Exercise requirements ▸
Set down the entries below exactly; drop the pictures.

———

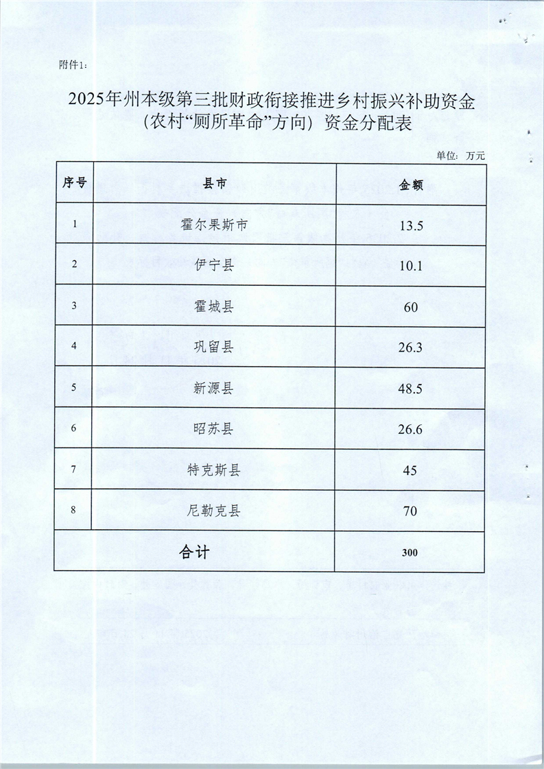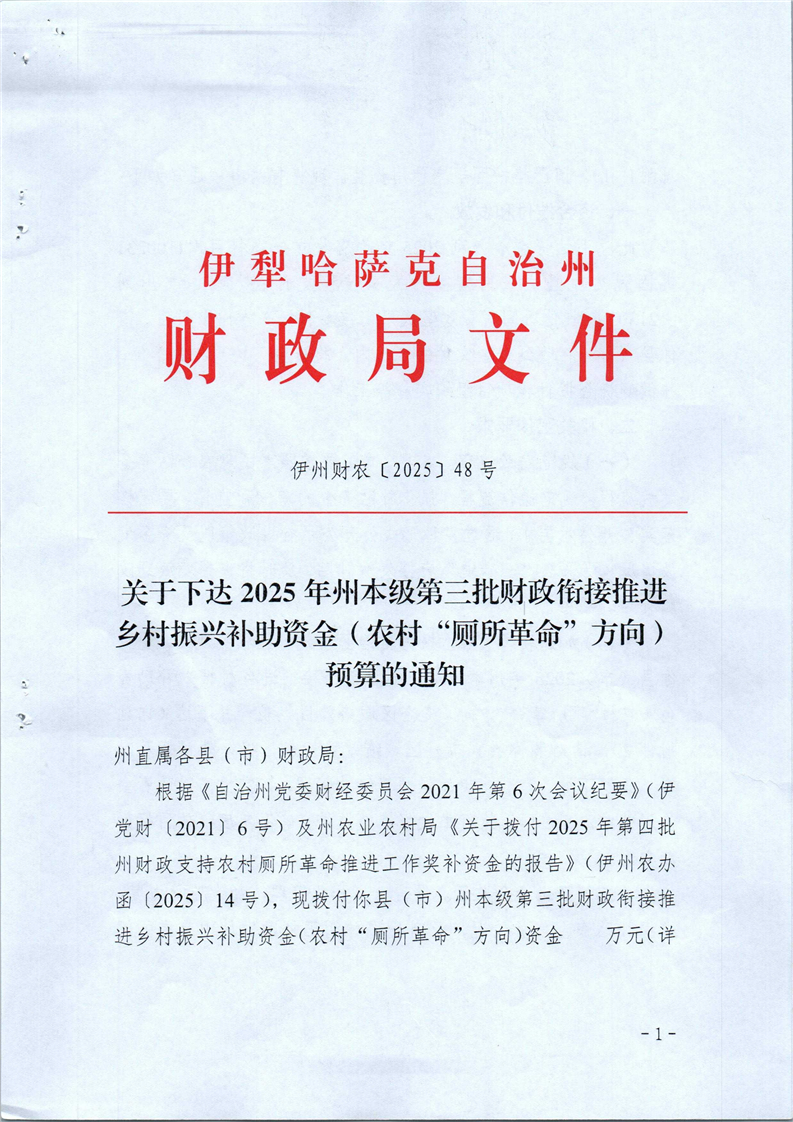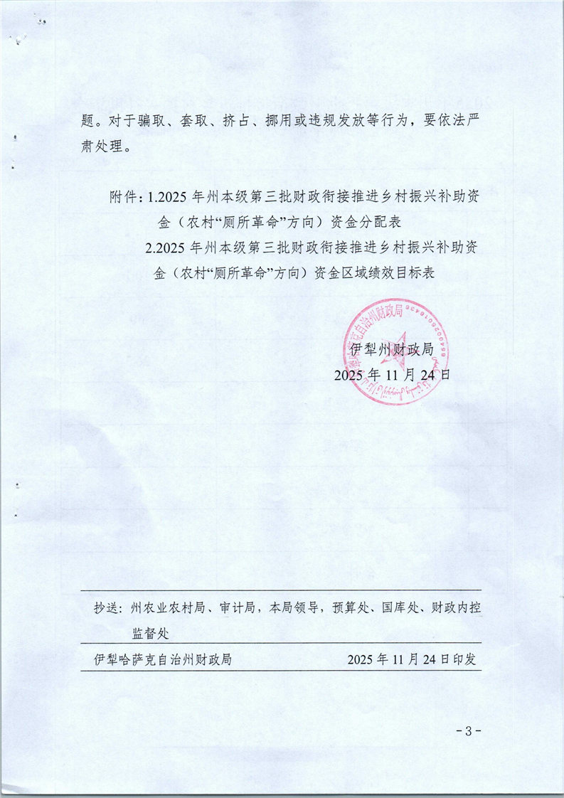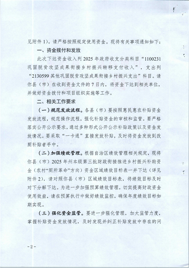 关于下达2025年州本级第三批财政衔接推进乡村振兴补助资金(农村“厕所革命”方向)预算的通知
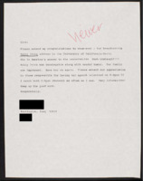 Letter to C-SPAN, n.d.; 85719 Enjoys the broadcast of the State Dinner with Steve Scully and Laurie Firestone. Briefly mentions covering Nelson Mandela's visit. -
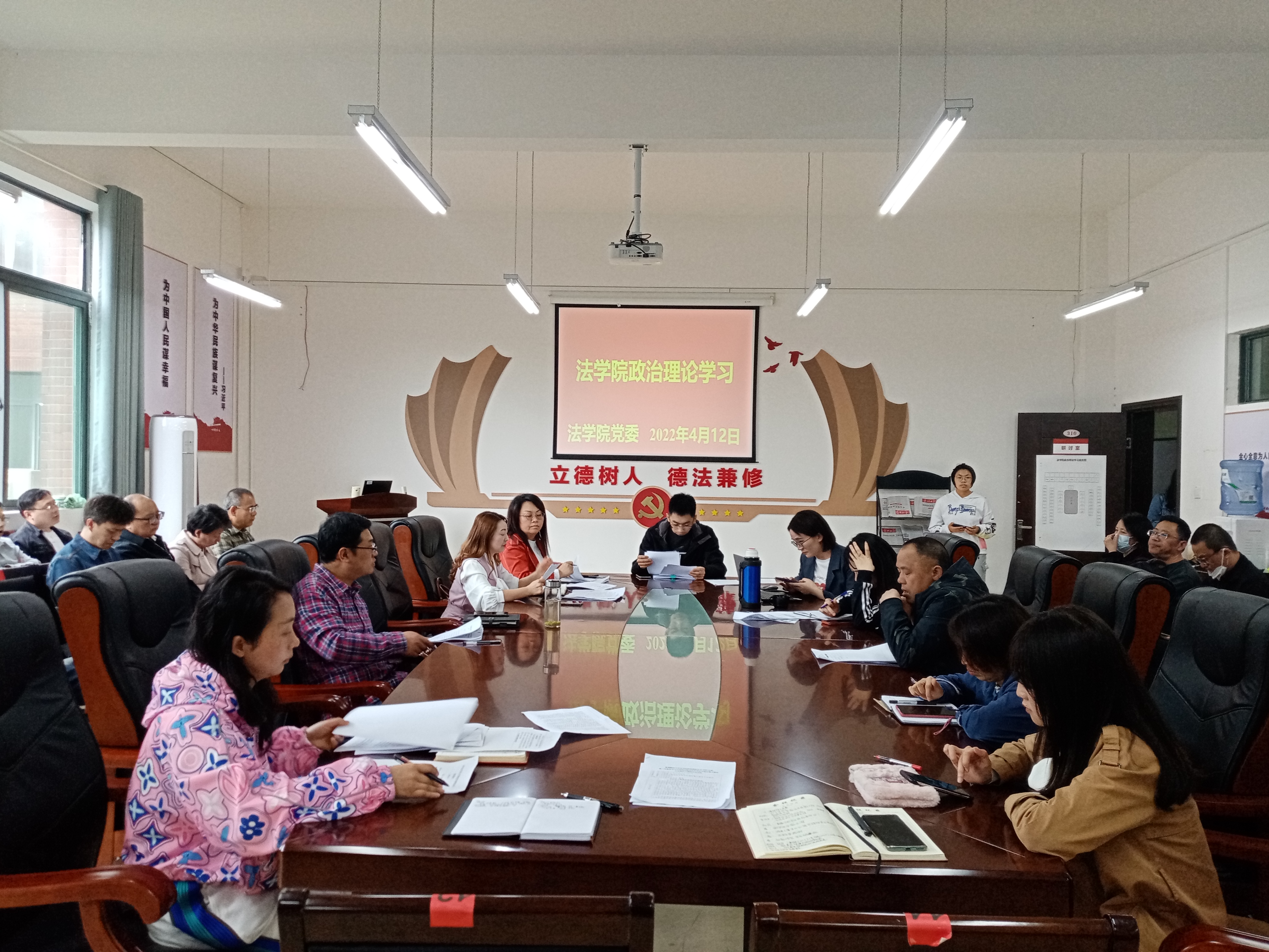 (法学院 图文/报道 徐方)2022年4月12日下午,法学院党委在文德楼A8-310会议室围绕“全国两会精神及全省安全稳定警示教育大会精神”专题组织召开第三次教职工政治理论集体学习研讨会议。院领导及全院教职工出席会议,党委书记詹伟主持会议。
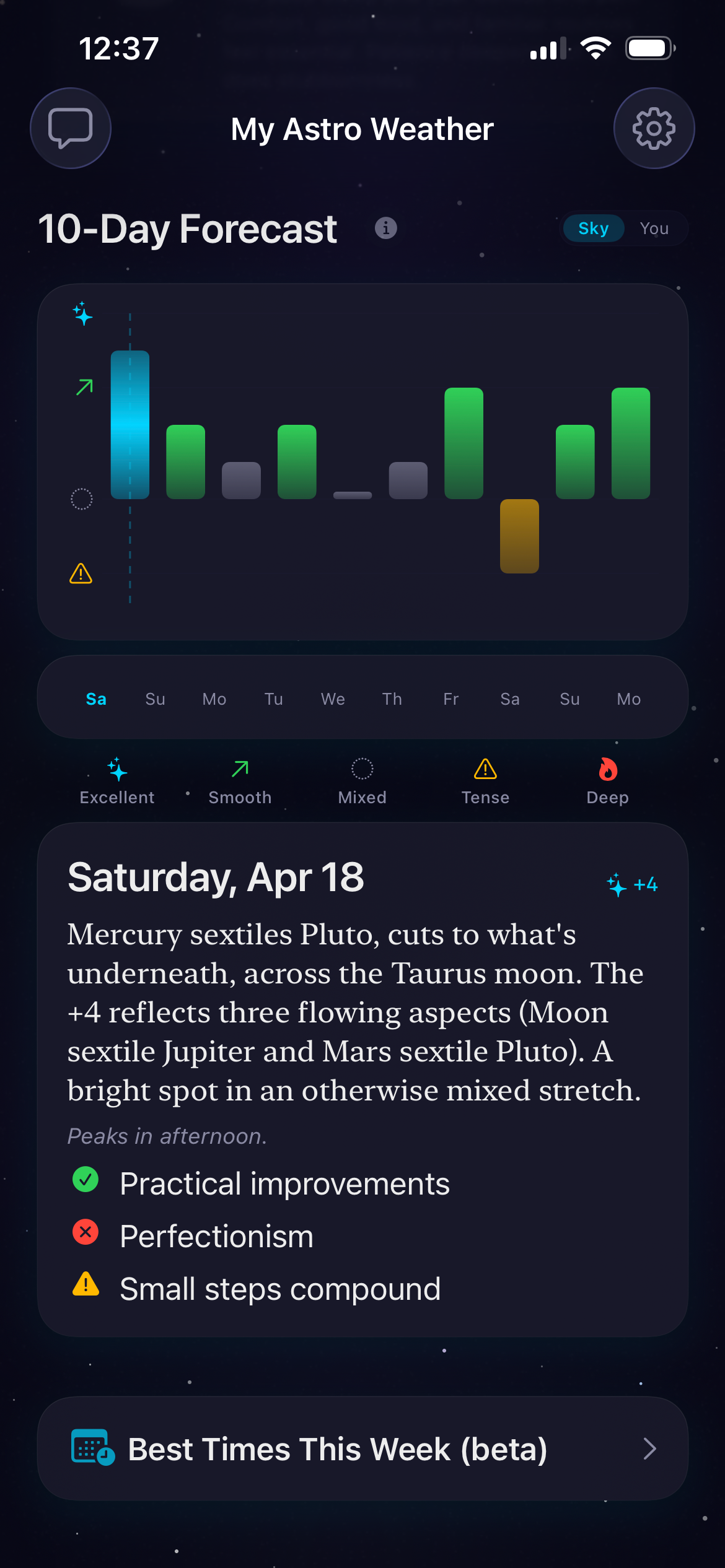 The 10-day energy forecast gives every day a score. Tap any bar and read what that day holds. Plan a hard conversation for the day with softer energy. Launch on the day with the flow. Give yourself grace on the day that's heavier. Notifications arrive the moment the sky actually shifts: Moon sign changes, Mercury stationing retrograde, major aspects perfecting, void-of-course windows opening and closing.
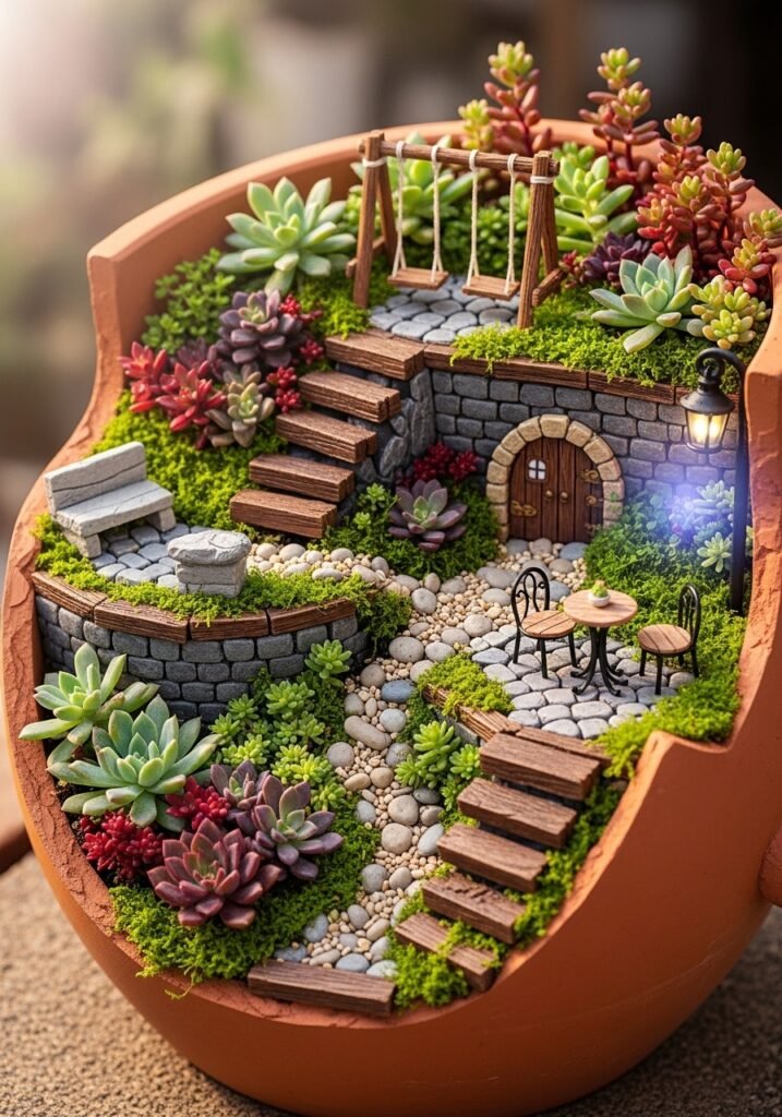 This creative project turns garden accidents into artistic opportunities that delight children and adults alike. Place your fairy garden on a patio table, tree stump, or garden shelf where it can be admired closely. It’s one of those imaginative garden decor projects that sparks conversation and brings a touch of whimsy to your rustic gardens.
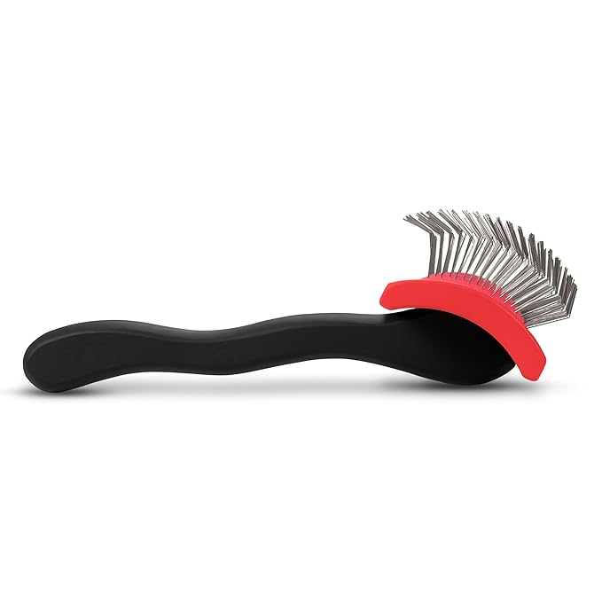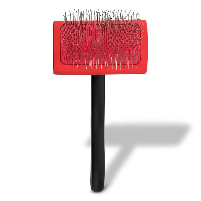- COMFORT & SAFETY - Angled, extra-long sturdy stainless steel pins penetrate coats with ease. Cushioned rubber pad provides comfortable experience for pets.
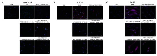 Figure 2 shows the immunofluorescence analysis of the adipogenic phenotype-marker proteins TMEM26, ASC-1, and PAT2. All these proteins are clearly evident in ADSCs committed to the adipogenic phenotype in the presence of the Differentiation Medium (DM, Figure 2A–C). On the other hand, TMEM26, ASC-1, and PAT2 were only faintly detectable in ADSCs committed towards adipogenesis in the presence of melatonin or vitamin D (10−6 or 10−8 M) (Figure 2, Melatonin-DM, Vitamin D 10−8 M-DM, Vitamin D 10−6 M-DM). Interestingly, when these compounds were contemporarily present in the Differentiation Medium, TMEM26, and ASC-1 were completely undetectable (Figure 2, Melatonin + Vitamin D 10−6 M-DM, Melatonin + Vitamin D 10−8 M-DM). PAT2 was inhibited by both melatonin and vitamin D at different concentrations, although still faintly detectable (Figure 2C).
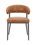 Camel Brown Vinyl Upholstered Dining Chair with Ribbed Cushioning and Black Powder-Coated Metal Frame
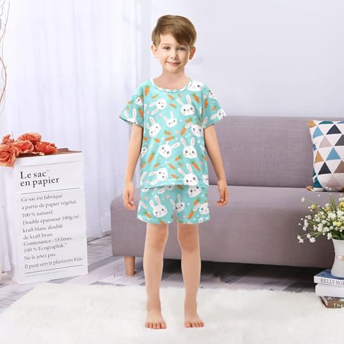 ALAZA Cute Rabbit Carrot Easter Pajamas Set Short Sleeve Cotton Sleepwear Summer Pjs 2 Piece 5-14Y 6
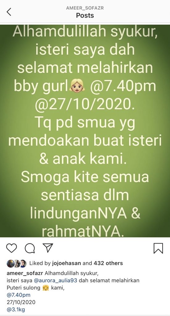 “Terima kasih pada seluruh family, saudara, sahabat, kawan², peminat² & semua yg mengenali kami kerana mendoakan buat isteri & anak kami. Smoga kite semua sentiasa dlm lindunganNYA & rahmatNYA.
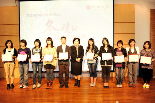 陶一桃為陳勇等十名同學頒發了“十佳記者”的榮譽證書。高福生、沈清華為鐘詩婷等十多名同學頒發了“十佳新聞作品”榮譽證書。
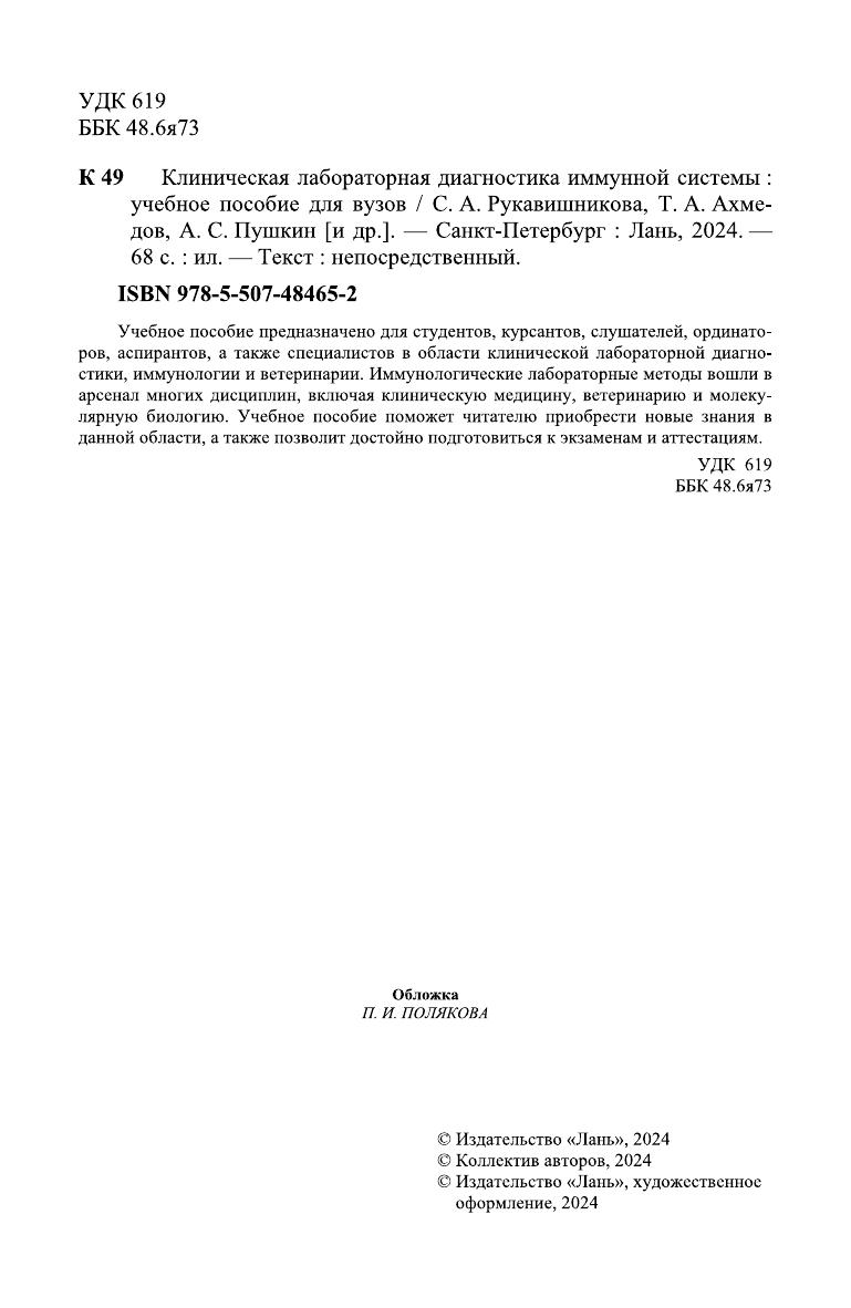 Учебное пособие предназначено для студентов, курсантов, слушателей, ординаторов, аспирантов, а также специалистов в области клинической лабораторной диагностики, иммунологии и ветеринарии. Иммунологические лабораторные методы вошли в арсенал многих дисциплин, включая клиническую медицину, ветеринарию и молекулярную биологию. Учебное пособие поможет читателю приобрести новые знания в данной области, а также позволит достойно подготовиться к экзаменам и аттестациям.
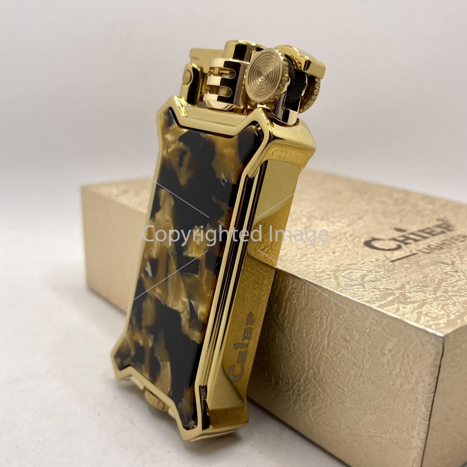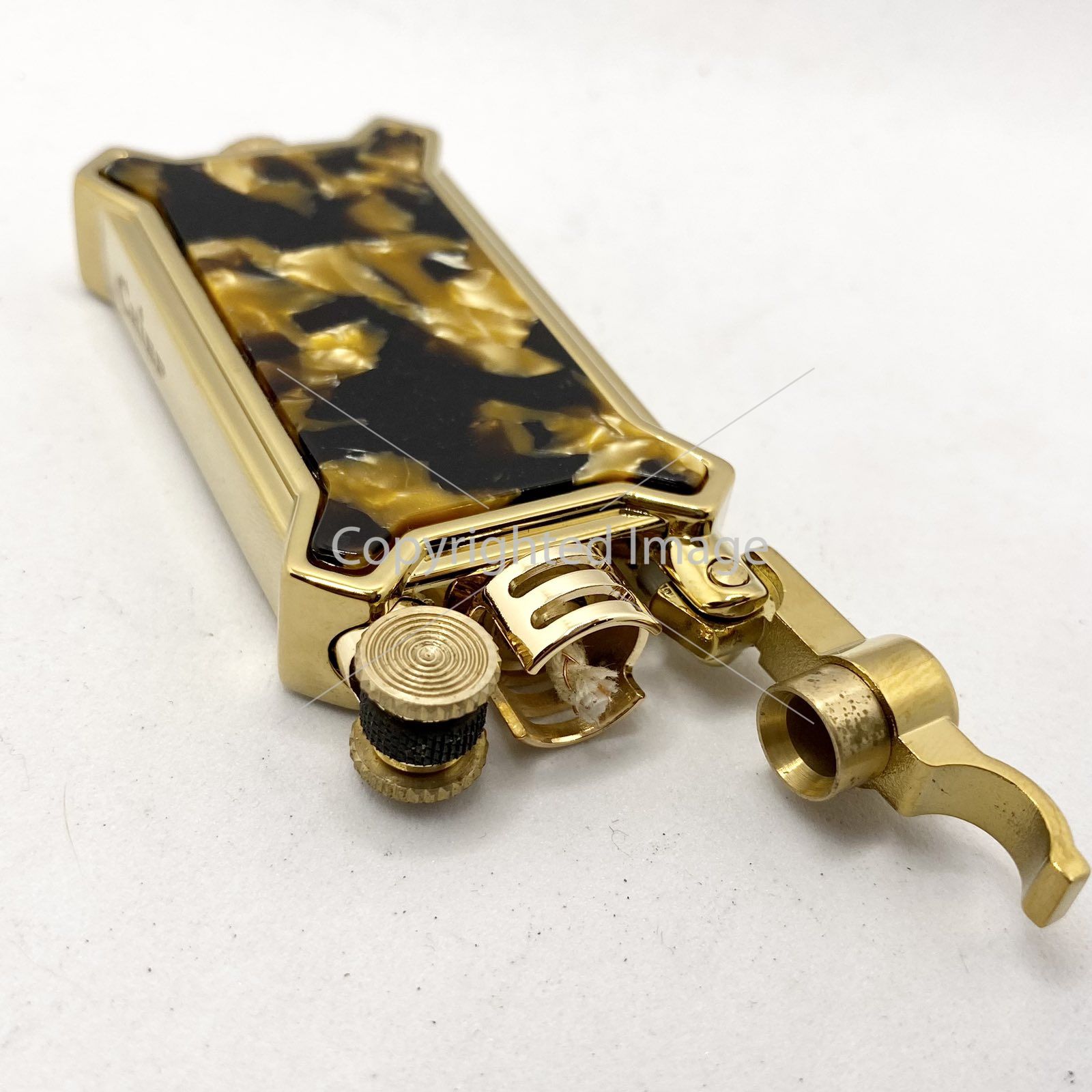 Витончене Оформлення: Глянцевий корпус кольору чистого золота служить ідеальним обрамленням для центральної панелі. Вставка з унікальним "черепаховим" візерунком додає глибини та ексклюзивності, роблячи кожну запальничку справжнім витвором мистецтва.

———

Result of this exercise ▸
 关于下达2025年州本级第三批财政衔接推进乡村振兴补助资金(农村“厕所革命”方向)预算的通知
 Letter to C-SPAN, n.d.; 85719 Enjoys the broadcast of the State Dinner with Steve Scully and Laurie Firestone. Briefly mentions covering Nelson Mandela's visit. -
 (法学院 图文/报道 徐方)2022年4月12日下午,法学院党委在文德楼A8-310会议室围绕“全国两会精神及全省安全稳定警示教育大会精神”专题组织召开第三次教职工政治理论集体学习研讨会议。院领导及全院教职工出席会议,党委书记詹伟主持会议。
 The 10-day energy forecast gives every day a score. Tap any bar and read what that day holds. Plan a hard conversation for the day with softer energy. Launch on the day with the flow. Give yourself grace on the day that's heavier. Notifications arrive the moment the sky actually shifts: Moon sign changes, Mercury stationing retrograde, major aspects perfecting, void-of-course windows opening and closing.
 This creative project turns garden accidents into artistic opportunities that delight children and adults alike. Place your fairy garden on a patio table, tree stump, or garden shelf where it can be admired closely. It’s one of those imaginative garden decor projects that sparks conversation and brings a touch of whimsy to your rustic gardens.
- COMFORT & SAFETY - Angled, extra-long sturdy stainless steel pins penetrate coats with ease. Cushioned rubber pad provides comfortable experience for pets.
 Figure 2 shows the immunofluorescence analysis of the adipogenic phenotype-marker proteins TMEM26, ASC-1, and PAT2. All these proteins are clearly evident in ADSCs committed to the adipogenic phenotype in the presence of the Differentiation Medium (DM, Figure 2A–C). On the other hand, TMEM26, ASC-1, and PAT2 were only faintly detectable in ADSCs committed towards adipogenesis in the presence of melatonin or vitamin D (10−6 or 10−8 M) (Figure 2, Melatonin-DM, Vitamin D 10−8 M-DM, Vitamin D 10−6 M-DM). Interestingly, when these compounds were contemporarily present in the Differentiation Medium, TMEM26, and ASC-1 were completely undetectable (Figure 2, Melatonin + Vitamin D 10−6 M-DM, Melatonin + Vitamin D 10−8 M-DM). PAT2 was inhibited by both melatonin and vitamin D at different concentrations, although still faintly detectable (Figure 2C).
 Camel Brown Vinyl Upholstered Dining Chair with Ribbed Cushioning and Black Powder-Coated Metal Frame
 ALAZA Cute Rabbit Carrot Easter Pajamas Set Short Sleeve Cotton Sleepwear Summer Pjs 2 Piece 5-14Y 6
 “Terima kasih pada seluruh family, saudara, sahabat, kawan², peminat² & semua yg mengenali kami kerana mendoakan buat isteri & anak kami. Smoga kite semua sentiasa dlm lindunganNYA & rahmatNYA.
 陶一桃為陳勇等十名同學頒發了“十佳記者”的榮譽證書。高福生、沈清華為鐘詩婷等十多名同學頒發了“十佳新聞作品”榮譽證書。
 Учебное пособие предназначено для студентов, курсантов, слушателей, ординаторов, аспирантов, а также специалистов в области клинической лабораторной диагностики, иммунологии и ветеринарии. Иммунологические лабораторные методы вошли в арсенал многих дисциплин, включая клиническую медицину, ветеринарию и молекулярную биологию. Учебное пособие поможет читателю приобрести новые знания в данной области, а также позволит достойно подготовиться к экзаменам и аттестациям.
 Витончене Оформлення: Глянцевий корпус кольору чистого золота служить ідеальним обрамленням для центральної панелі. Вставка з унікальним "черепаховим" візерунком додає глибини та ексклюзивності, роблячи кожну запальничку справжнім витвором мистецтва.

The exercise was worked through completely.